Naturally some spammers have found ways to beat this indicator. In some cases spam accounts follow each other to build up numbers, but a more cunning technique is the “sleeper” approach. Sleeper accounts pose as real people using stolen tweets pulled from the public timeline. TwitBlock may eventually crawl Twitter looking for these accounts, so expect more about this in future posts.
2. Follow Rate
The average number of people you follow per day forms your follow rate. This is calculated as the number of people you follow divided by the number of days you’ve been on Twitter. Although it’s a crude average, it is very telling and probably the second most reliable heuristic indicator. Even if you occasionally add a hundred people in a day it’s unlikely you can keep this up, so your average will drop. Averages are generally low even for power users, so a higher value is a strong indication of automation. The current cut-off (considered normal) is 10 per day. A point is added for every follower per day above 10.
[UPDATE – Aug 12]
Many popular accounts have high follow rates due to a “following back” policy, whether automated or not. The rate at which an account is followed is now subtracted from this value. This may result in lowering spam scores of real spammers, but it also reduces the number of false positives. So now, the rate at which an account follows without reciprocation is known as the “Stalking rate”.
3. Blocked by others
When you log into TwitBlock the system has access to your blocks and currently refreshes this list once per day until you revoke your authorization of the app. This is a key indicator that will become much more interesting as TwitBlock gathers data. Currently 10 5 points are applied for each block on an account.
[ UPDATE – Aug 22 ]
Whitelisting now used to counteract blocks
[ UPDATE – Aug 24]
Blocks are now diluted by follower count
4. Identical profile pics
Spammers commonly reuse the same image on multiple accounts. This is particularly common with the “adult” accounts. TwitBlock crawls all the blocked accounts it knows about and stores an MD5 checksum of the profile image file. This way any account’s profile image can be cross-reference with this database. 10 points are applied for each account known to use the same image.

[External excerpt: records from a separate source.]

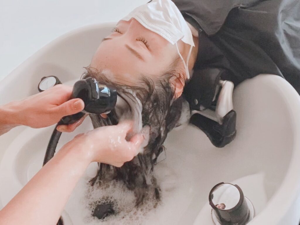 3,白髪抑制シャンプーと、炭酸泉で地肌と髪に残ったアルカリや汚れを浮き上がらせて素髪の状態に戻し
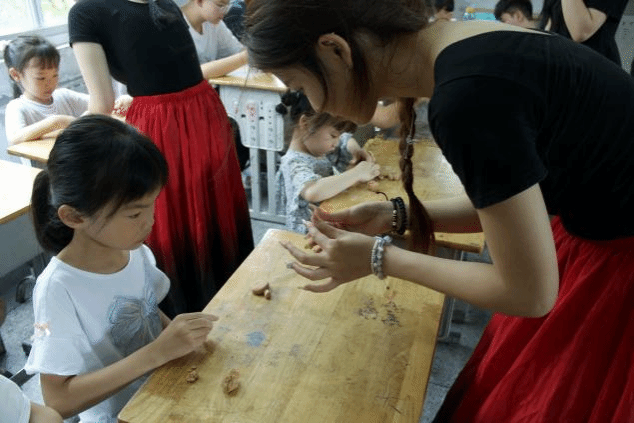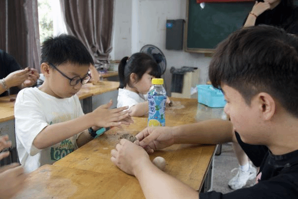 7月8日,实践队走进当地溪口小学和红苹果幼儿园举办了一场特殊的党纪学习教育—手工艺展示和创作。家政学专业的队员们充分发挥专业特长,为小朋友们举办了一场红色书法艺术展示和中医技艺宣传。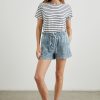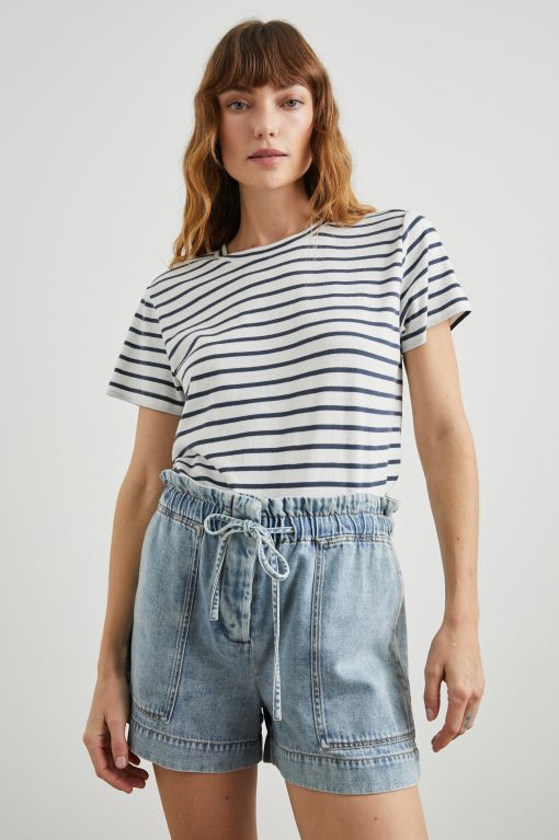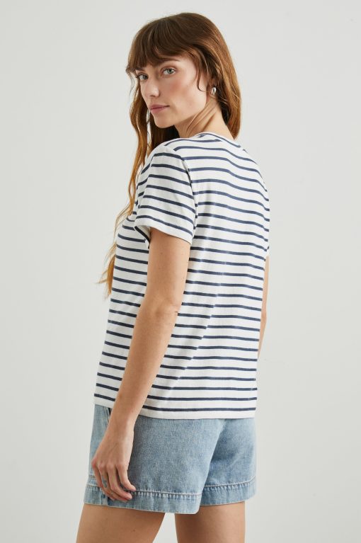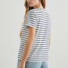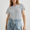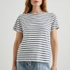 Your new go-to, this timeless white tee comes in a crewneck silhouette and features navy and ivory stripes. This super soft crewneck tee is made from brushed cotton, perfect for everyday comfort and breathability.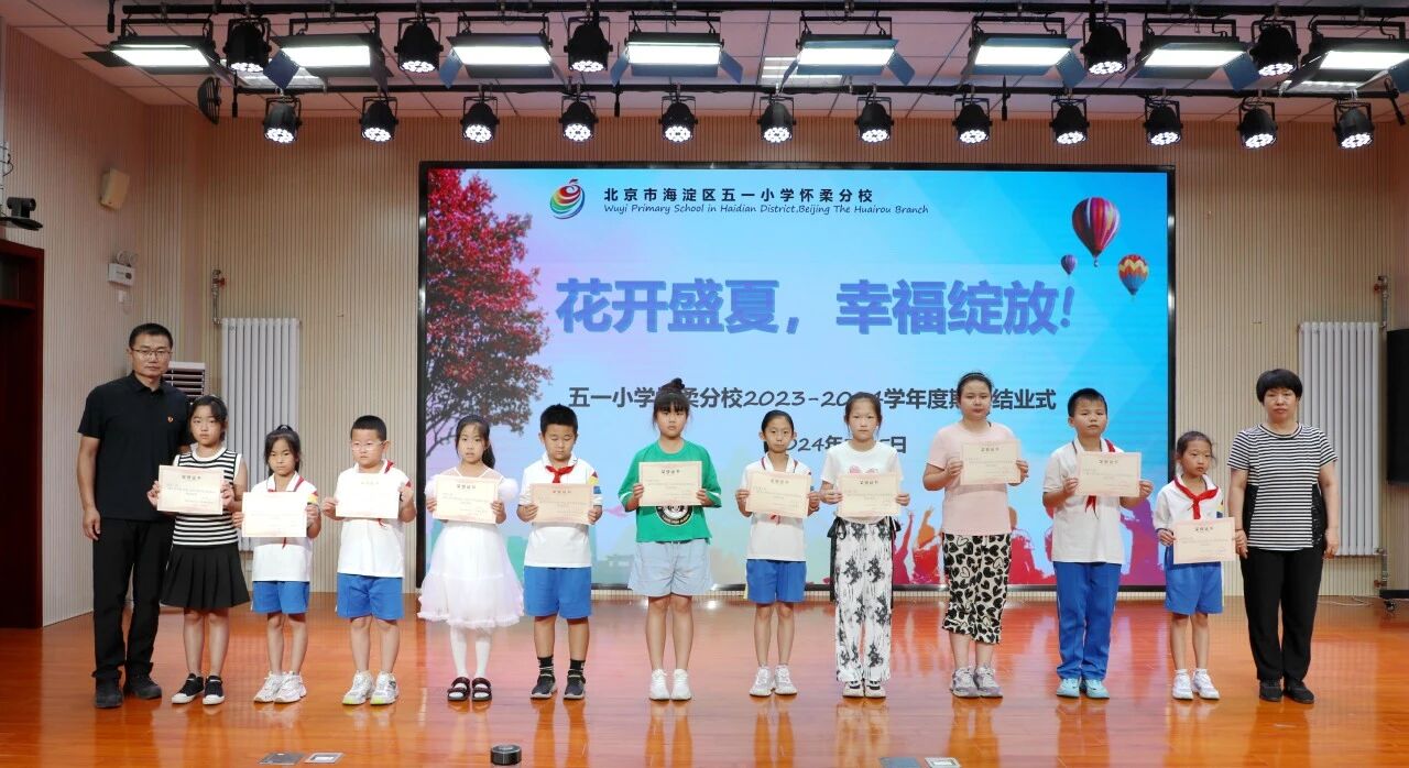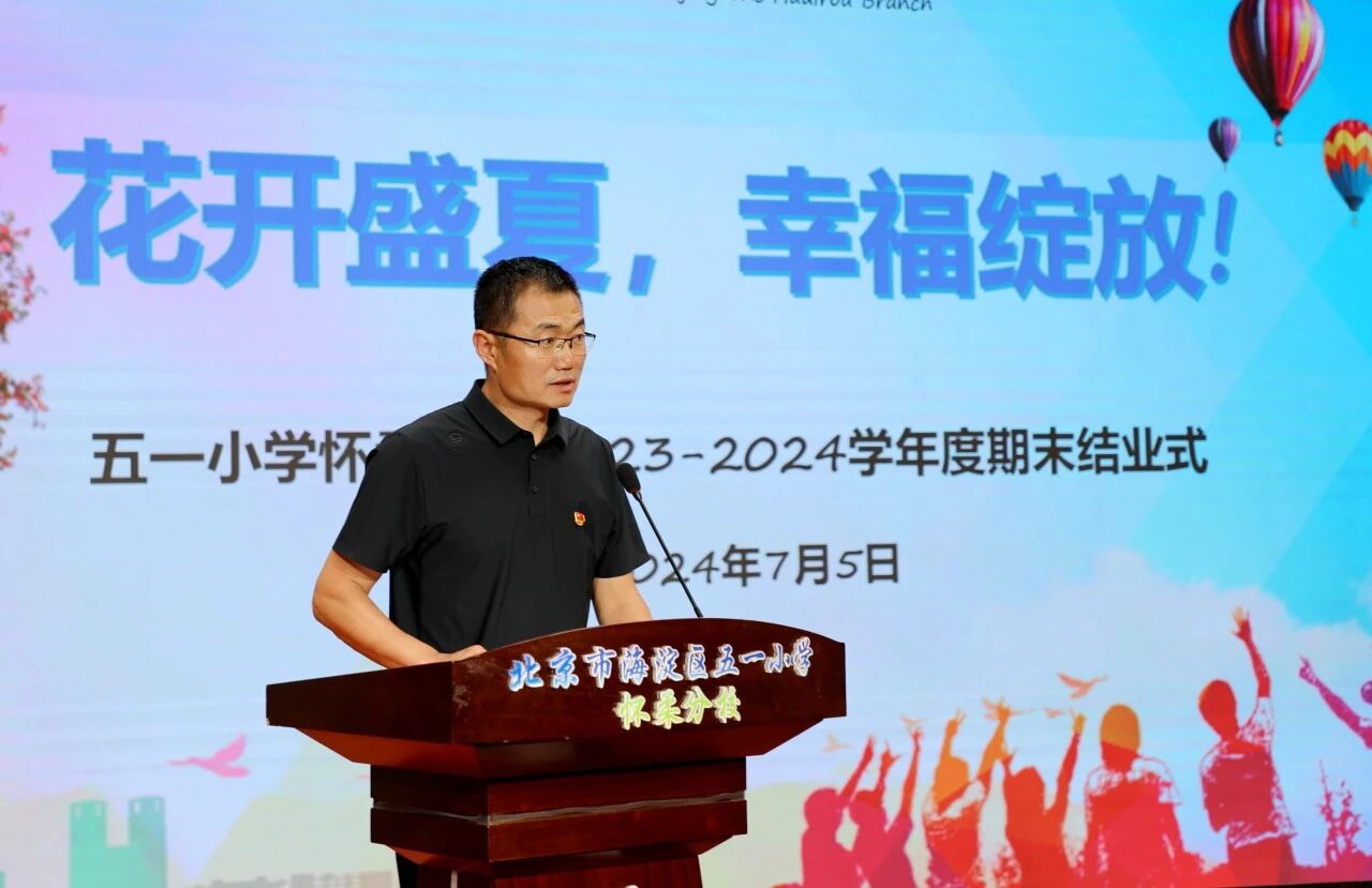 盛夏花开,硕果盈枝。紧张而又愉快的一个学期圆满落下帷幕!回望这一学期,从播撒汗水和希望的春天启航,在生机盎然的盛夏满载而归。五一怀分学子团结奋进、锐意进取,在成长的道路上又迈出了坚实的一步。7月5日上午,五一小学怀柔分校举行了以“花开盛夏 幸福绽放”为主题的2023-2024学年第二学期结业典礼,为本学期画上了圆满的句号。

This test could be easily foiled by spammers. Even using the same photo, it would be trivial alter the checksum. So far however, they appear not to be doing so.
5. Tweets via API
Status updates that are submitted without using a registered application (e.g. TweetDeck) will appear as having come “from API” (See Twitter FAQ). This is very useful, because spammers don’t want their activity to be tied to a registered application. If they start to do so then a list of known spammer applications will have to be compiled. 10 points are applied for API updates, although only the most recent tweet is analysed for performance reasons.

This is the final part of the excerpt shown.